The federal government’s escalating attacks have struck at the heart of the community, with the federal government going as far as erasing the letters T and Q from LGBTQ from the Stonewall National Monument’s website and other pages associated with the National Park Service. The landscape for LGBTQ athletes has deteriorated since Collins spoke to Gay City News ahead of then-President Joe Biden’s remarks at the opening of the Stonewall National Monument Visitor Center last June.

“It’s been less than a year since we were there in New York, celebrating the opening of the Stonewall National Monument Visitor Center, and then we see the constant rollbacks — and that’s being polite — and cuts that are happening to all sectors of minority groups in our country the past few months,” Collins said. “It’s mind-boggling, but this is also a reality, so I’m reminded of when I heard Billie Jean King speaking and she said the fight for equality is constant.
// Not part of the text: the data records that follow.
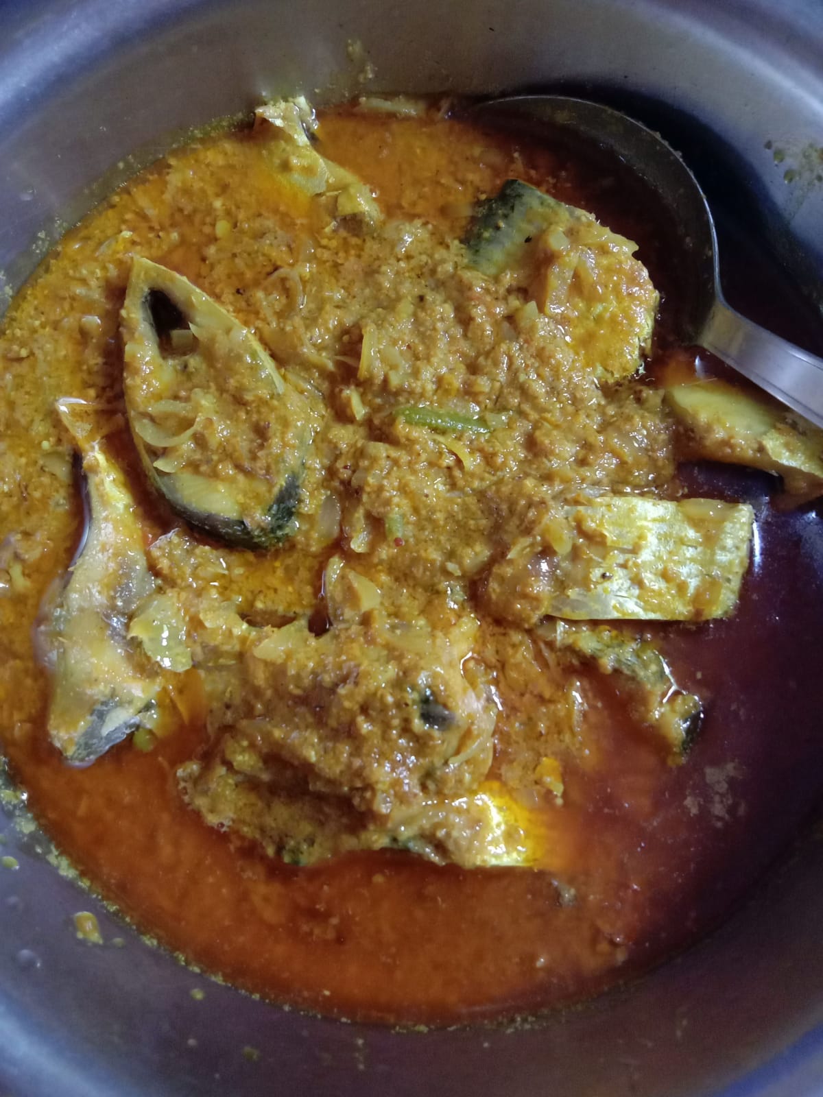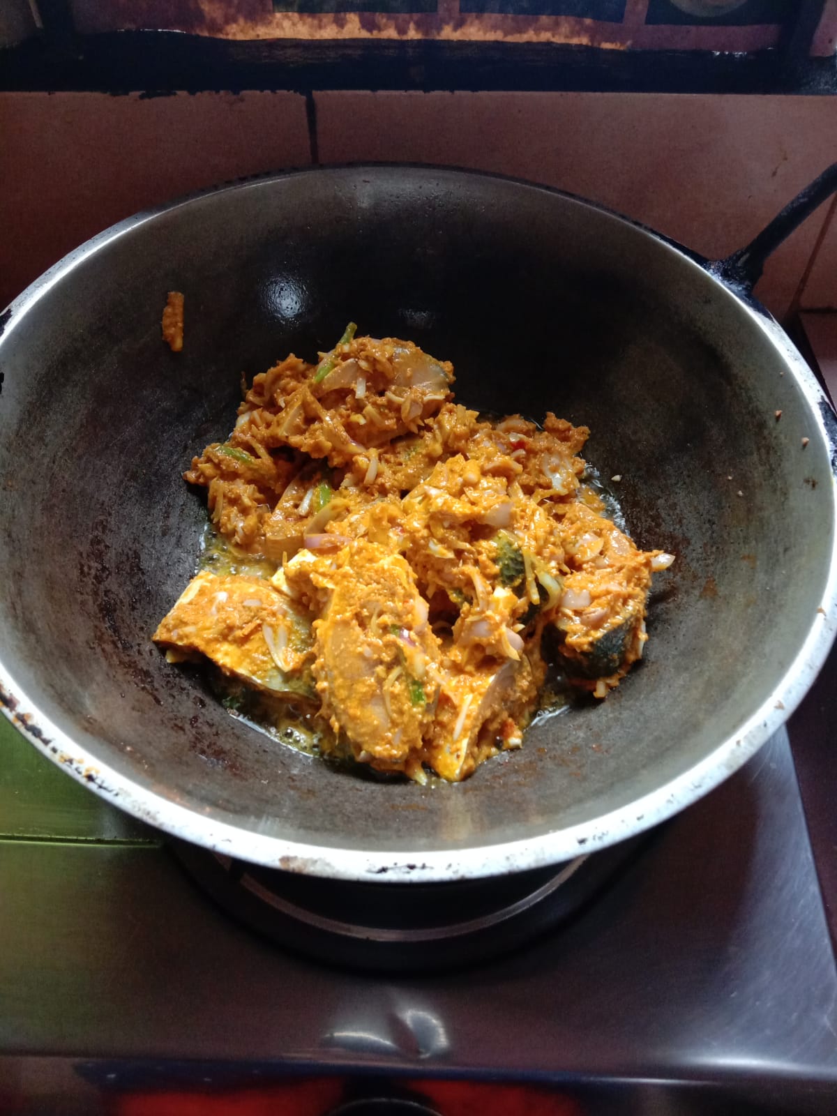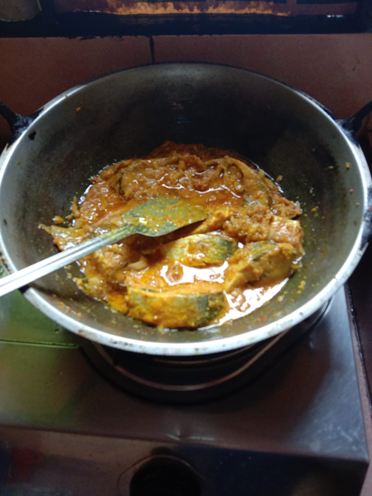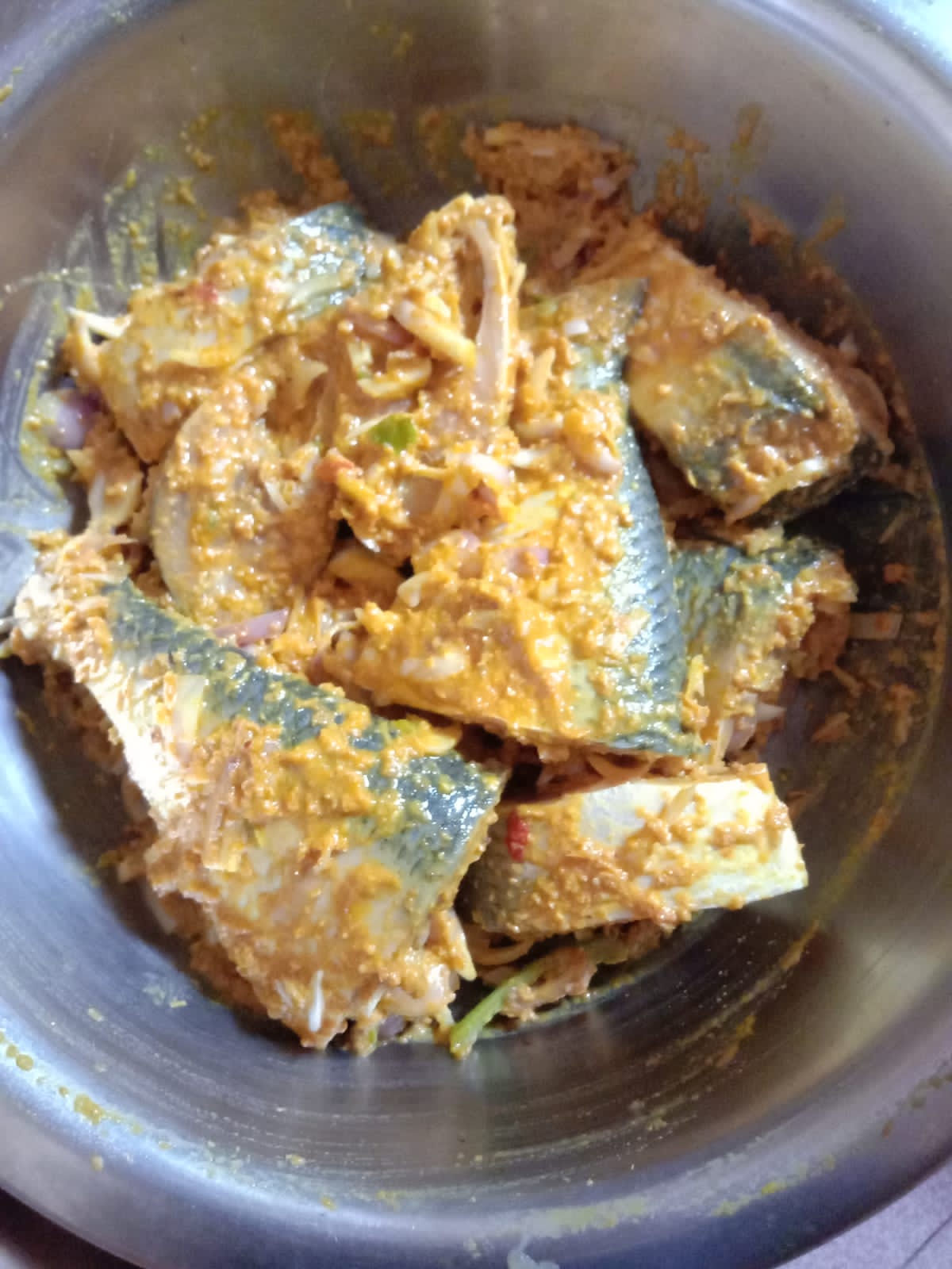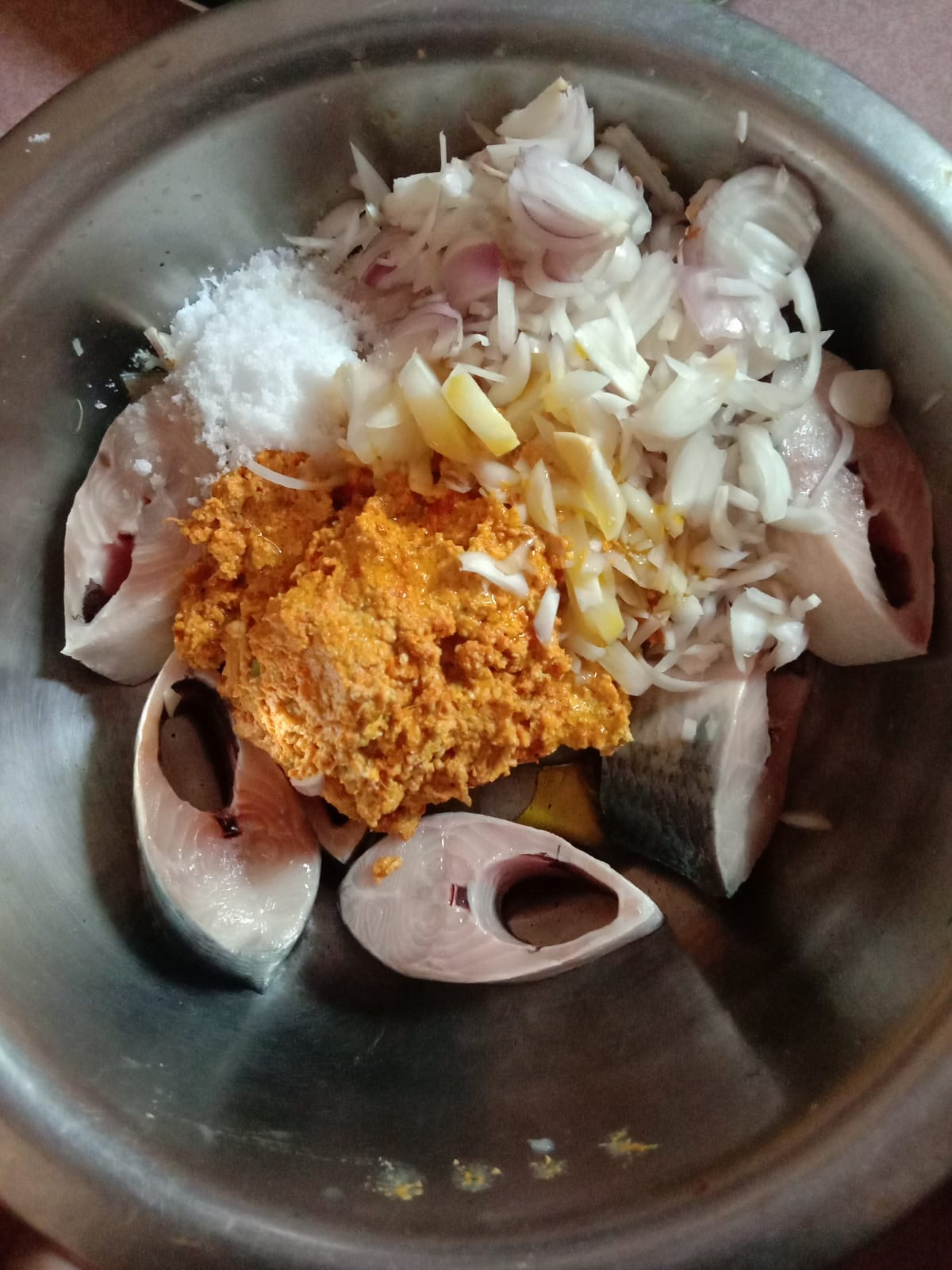 ১টি কড়াই নিয়ে তাতে ৩ টেবিল চামুচ সরিষার তেল দিয়ে গরম হওয়া পর্যন্ত অপেক্ষা করবো।গরম হয়ে গেলে তাতে পেঁয়াজ কুচি দিয়ে বাদামি হওয়া পর্যন্ত অপেক্ষা করবো।বাদামী রং ধারণ করে হয়ে গেলে তাতে মসলা দিয়ে মেখে রাখা মাছ গুলো ভালো করে কসায় নিতে হবে।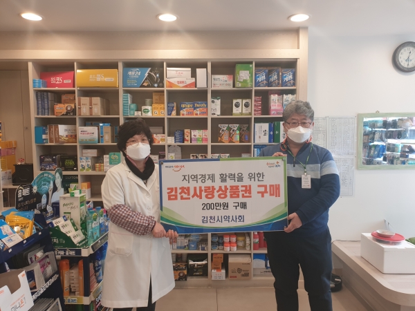 김천시 약사회에서는 코로나19로 어려운 경제위기 극복에 힘을 보태고자 김천사랑상품권 200만원을 구매했고 그 중 100만원을 어려운 이웃들을 위해 써달라며 경북공동모금회에 기부해 소상공인들과 불우이웃을 위한 아름다운 기부와 착한 소비문화 조성이라는 1석 2조의 역할을 했다.
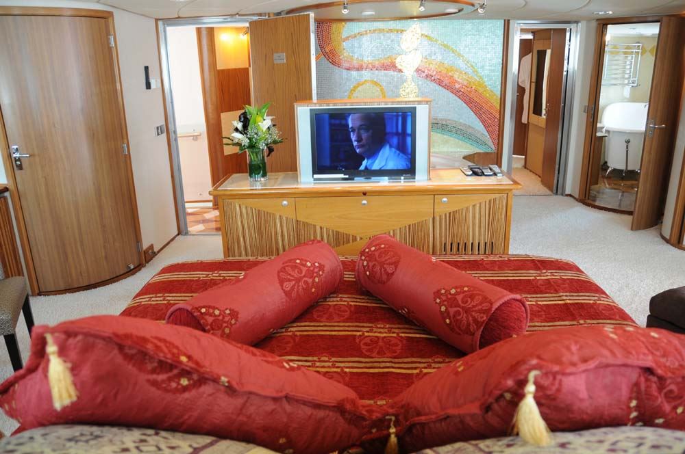 SHERAKHAN is one of the most impressive superyachts available for charter. Her luxurious interior, décor and layout combine perfectly to give a feeling of grandeur and comfort. The added extras such as the glass bottom Jacuzzi and the themed cabins make this yacht one of the very best available for charter. She is available in the more traditional cruising area of the Mediterranean and Caribbean Seas, but she can also take you further afield for a once in a lifetime adventure to places like Patagonia, Antarctica, French Polynesia, Asia, and Panama.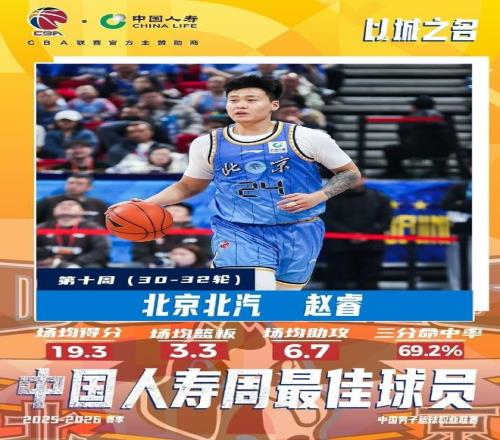 CBA官宣:趙睿時隔7年第2次獲本土周最佳廣廈塔克外援周最佳

It’s not just one and done.”
That constant push for equality continued in the days after Nets’ Pride Night when Collins went to San Antonio to assist with the youth inclusion clinic, which was produced by the Sports Equality Foundation and the San Antonio Pride Center. Past Gay City News Impact Award winner Anthony Nicodemo, an out gay coach, wrote an Outsports article about his role in facilitating the clinic.

Collins used the clinic to share his own story and explain that he draws inspiration from people like his late grandmother, who grew up under segregation in the Jim Crow South, and his grandfather, who fought in the Africa campaign in World War II but felt so unsafe upon his return to Louisiana that he did not want to wear his uniform.
“If this is what my grandparents could go through, then I can go through this — we can go through this,” he said. “This is all to make sure that the next generation knows that you have to fight for equality.”
Collins was shocked when none of the kids at the clinic knew what Jim Crow laws were, prompting the former NBA player to incorporate a history lesson that also served as a reminder of the parallels between segregated bathrooms and anti-trans bathroom policies.
“I thought, ‘OK… there are so many teachable moments that can happen, and so I got into how these laws existed as far as bathrooms and drinking water, and I told them this is what my grandparents had to face,” he said.
That moment, Collins said, represented as yet another example of the importance of educating the next generation and actively continue to push for a better future.
“We need to — I guess to use a sports reference — continue to move the ball forward,” Collins said.